Once Wayfarer of Time gets going, though, it’s a character-driven adventure with twists and turns that—despite the derivative look and feel of the game—I legitimately didn’t see coming. Dialogue-heavy Japanese RPGs require excellent translations to really immerse the player in the world, and thankfully, this may well be Atlus’ strongest localization since Persona 4, another text-heavy adventure that really treated the English-language adaptation with the care and respect it deserved. But whileWayfarer of Time received the full voice treatment in Japan, that feature’s been cut from this release outside of the animated cutscenes. Still, the writing’s so expressive that I didn’t really mind the omission, especially with the knowledge that releasing a fully voiced PSP game in North America is practically impossible at this point.

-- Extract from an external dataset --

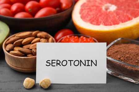 Many different products and card with the word Serotonin on table, closeup. Natural antidepressants

Unlike most RPGs, where you’re forced to interact with each character in the way the developers dictate, Wayfarer of Time gives you the freedom to treat each new person you come across as an individual via a vast array of dialogue choices. Have you ever wanted to tell off—or outright ignore—the whiny tagalong RPG brat? In Wayfarer of Time, you absolutely can. In fact, the very second my clingy, naïve stepbrother started whining uncontrollably, I responded to his bothersome braying with a series of dismissive ellipses. When I came across characters I respected, though, I gave them the time of day and did everything I could to grow our relationship. Wayfarer of Time features 40-plus endings, truly rewarding the player and making you feel like your choices throughout the game made a real difference.
I’ll put it this way: If you’re a Japanese RPG fan, you likely have a PSP or Vita. Wayfarer of Time is available as a boxed UMD or as a PSN download to play on the Vita, so you’ve got no excuse to not support this release in one form or another. If you claim to love the genre and yearn for Japanese RPGs that reach the heights of some of the beloved classics, you’re doing yourself a grave disservice if you overlook Growlanser: Wayfarer of Time.
A true Japanese role-playing throwback that successfully channels the classics of the past, Growlanser: Wayfarer of Time’s challenging, strategy-laden battles and cast of expressive characters will help remind JRPG fans why they fell in love with the genre in the first place.
|Growlanser: Wayfarer of Time is available on PSP. Primary version played was for PSP. Product was provided by for the benefit of this coverage. EGM reviews on a scale of one to five stars.
A proud Japanese RPG and serial-comma enthusiast, Andrew attended E3 for more than a decade. His least-proud moment? That time in 2004 when, suffering from utter exhaustion, he decided to take a break on the creepy, dilapidated—and possibly cursed—La-Z-Boy at Konami’s Silent Hill booth.